[Items from a data source]
====

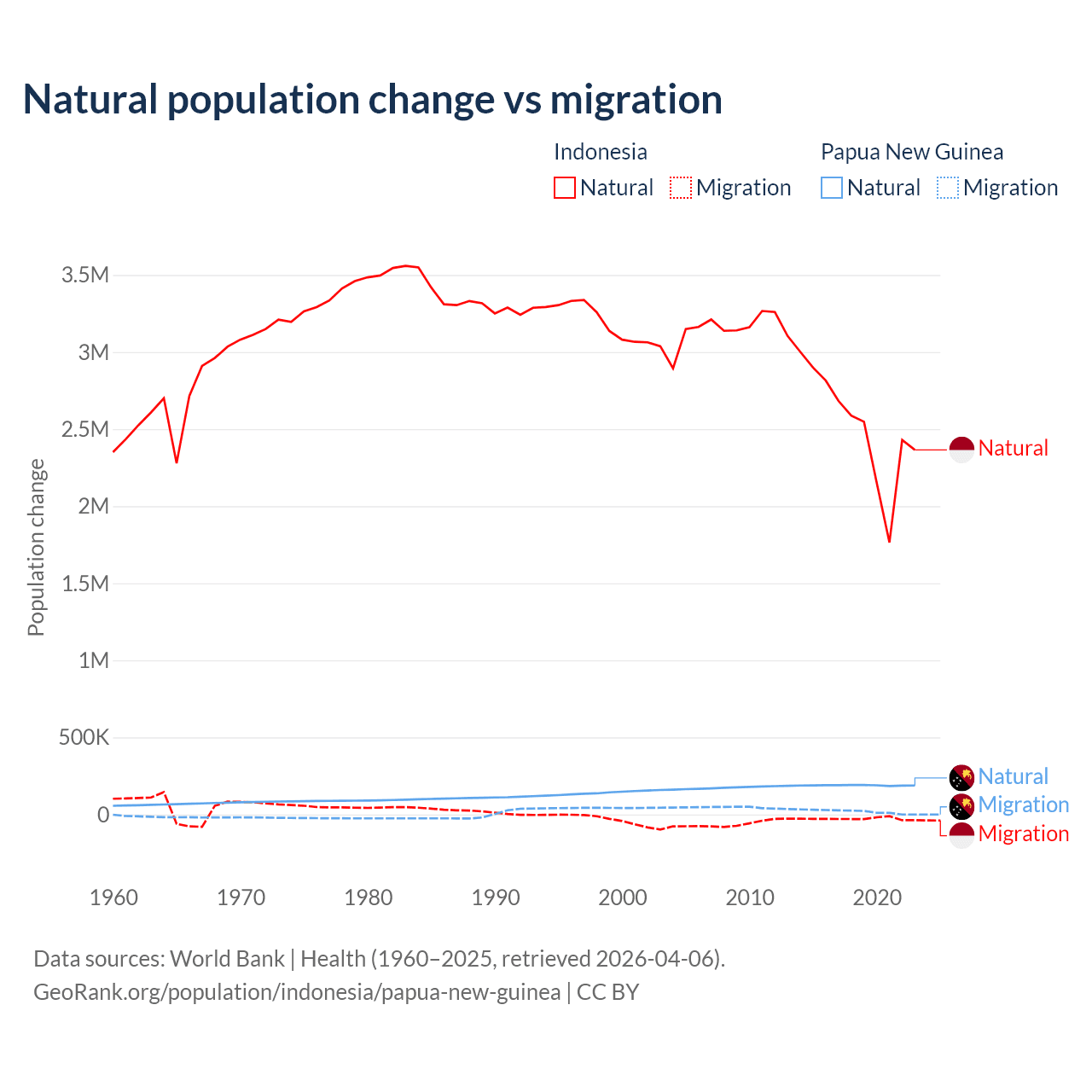 Over the last 10 years, 98.9% of the population change in Indonesia is from natural causes (a gain of 25,242,860 people) and 1.1% is from migration (a loss of 280,258 people). In Papua New Guinea 91% is from natural causes (a gain of 1,883,906 people) and 8.98% is from migration (a gain of 185,900 people).
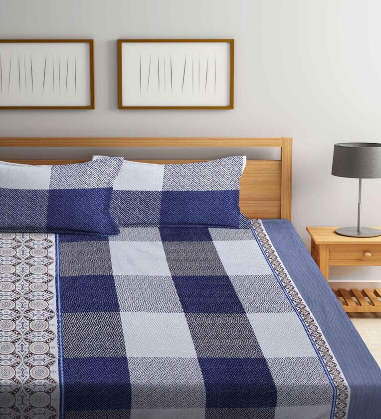 Blue Checkered 300 TC Cotton Blend Double King Sized Bedsheet With 2 Pillow Covers
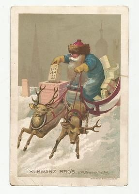 Title (ebay affiliate link): 1880's/90 Schwartz Bros. Toy Bazaar SANTA CLAUS Christmas Advertising Trade Card
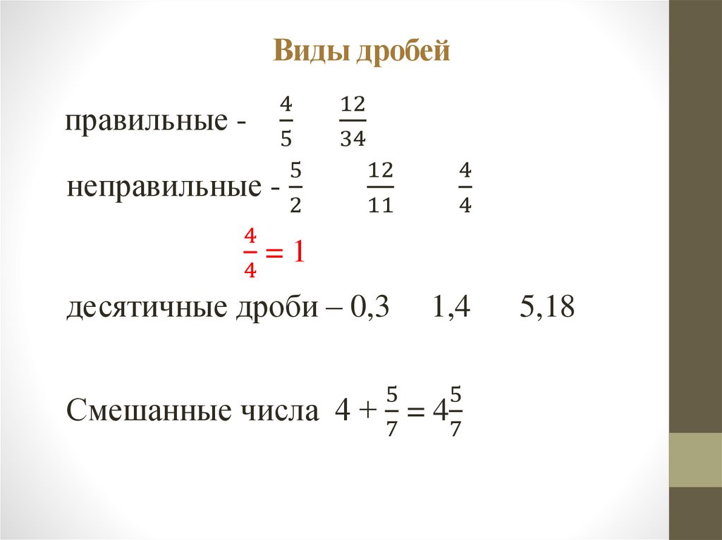 Виды дробейправильные -
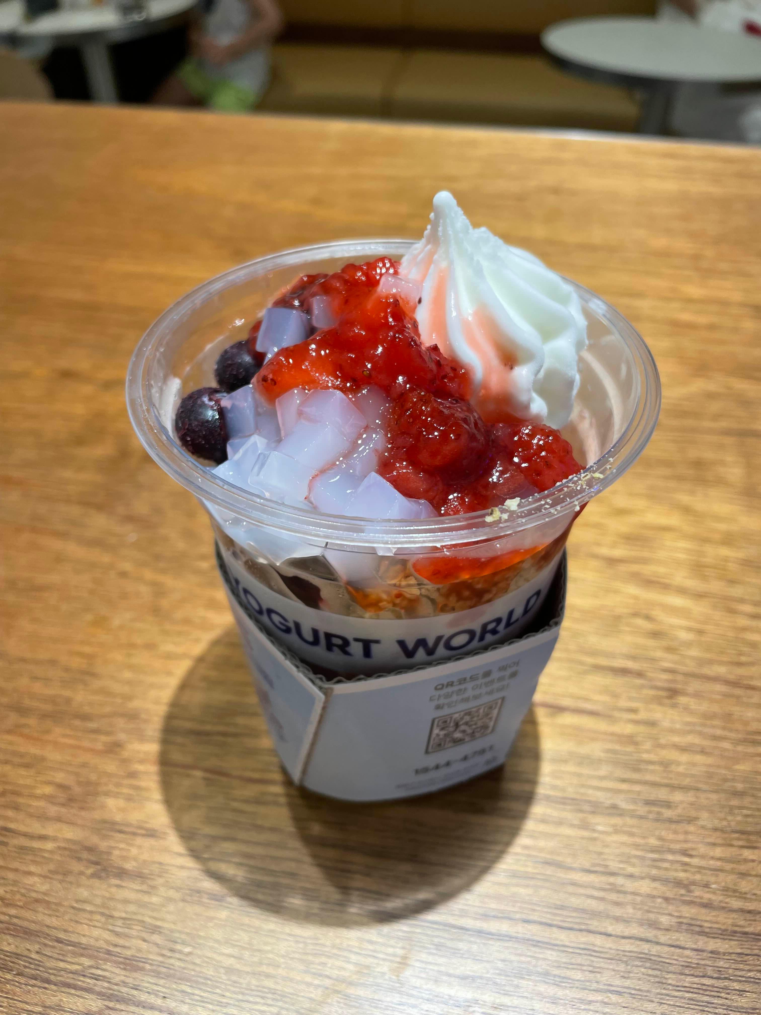 의자에도 아무도 앉아 있지 않았고 저희도 구매 후 빠르게 실내도 들어와서 요거트 아이스크림 먹었어요.
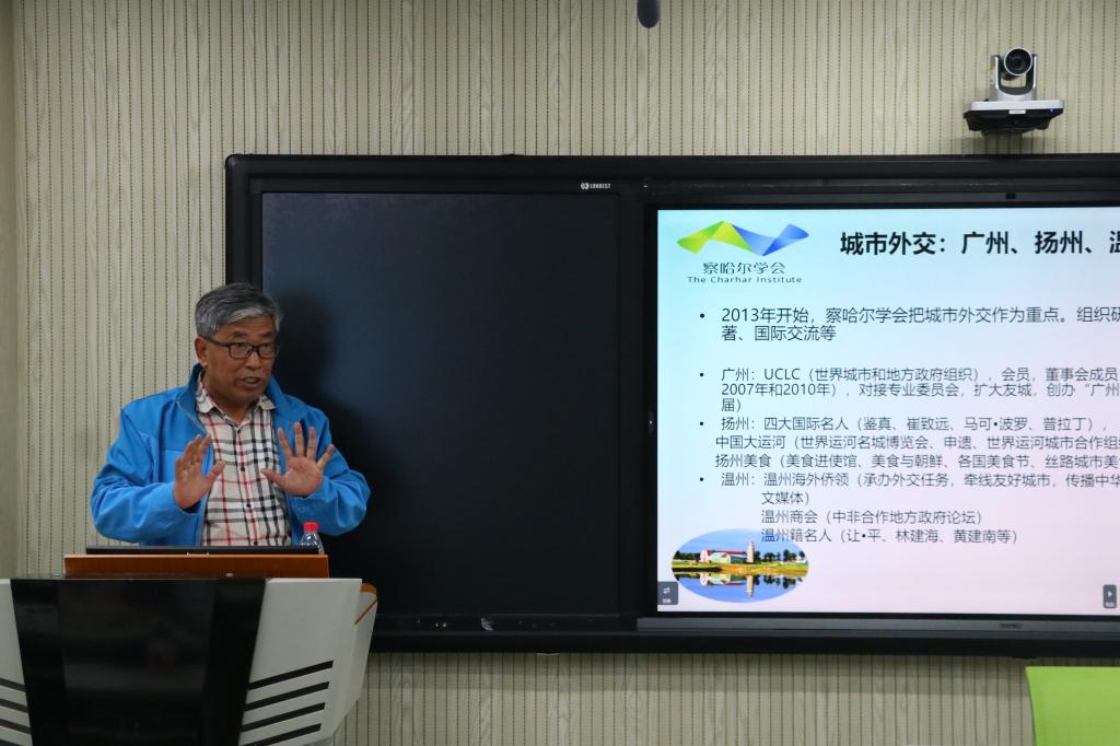 为深入开展学习贯彻习近平新时代中国特色社会主义思想主题教育走深走实,5月13日下午,由yl8858永利集团、山东省志愿服务研究基地主办,山东省社区发展与社会工作研究中心、yl88858永利中国国际问题研究院、yl88858永利中国公共外交研究院共同承办的第一百四十二期社区治理论坛、第六十二期毓秀讲坛于知行楼509教室举行。察哈尔学会高级研究员柯银斌应邀做了题为《跨国公司与公共外交》的主题讲座。本次论坛由yl8858永利集团副院长张剑主持,学院部分师生以及其他社会组织成员参加。
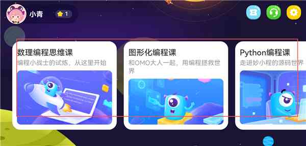 1、 打开妙小程AI编程课App官方版,用户可观堪思维课、 不堪入目。 图形化编程课等,选择想堪的板块。
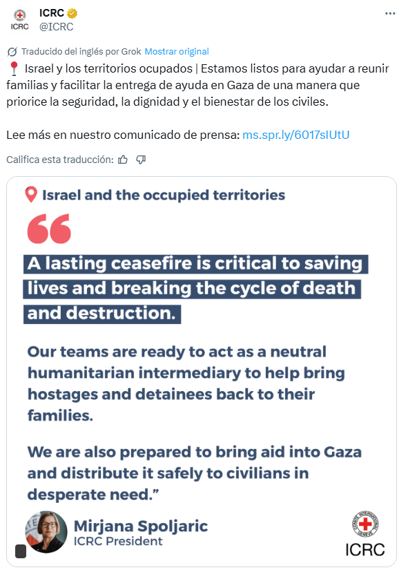 “Nuestros equipos están preparados para actuar como intermediarios humanitarios neutrales para ayudar a que los rehenes y detenidos regresen con sus familias; y también estamos preparados para llevar ayuda a Gaza y distribuirla de forma segura”, señaló Spoljaric en un comunicado difundido por la organización.
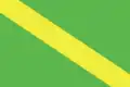 Paño rectangular de color verde, con una franja diagonal de color amarillo, que va desde el ángulo superior del asta hasta el inferior del batiente, de anchura 1/5 del total de la anchura del paño.

====

▶ _Exercise instructions_: What are the lines in the records above, word for word, from the one containing "Title (ebay affiliate" through the one containing "의자에도 아무도 앉아", both ends included and pictures left out?

▶ _Problem solution_:
 Title (ebay affiliate link): 1880's/90 Schwartz Bros. Toy Bazaar SANTA CLAUS Christmas Advertising Trade Card
 Виды дробейправильные -
 의자에도 아무도 앉아 있지 않았고 저희도 구매 후 빠르게 실내도 들어와서 요거트 아이스크림 먹었어요.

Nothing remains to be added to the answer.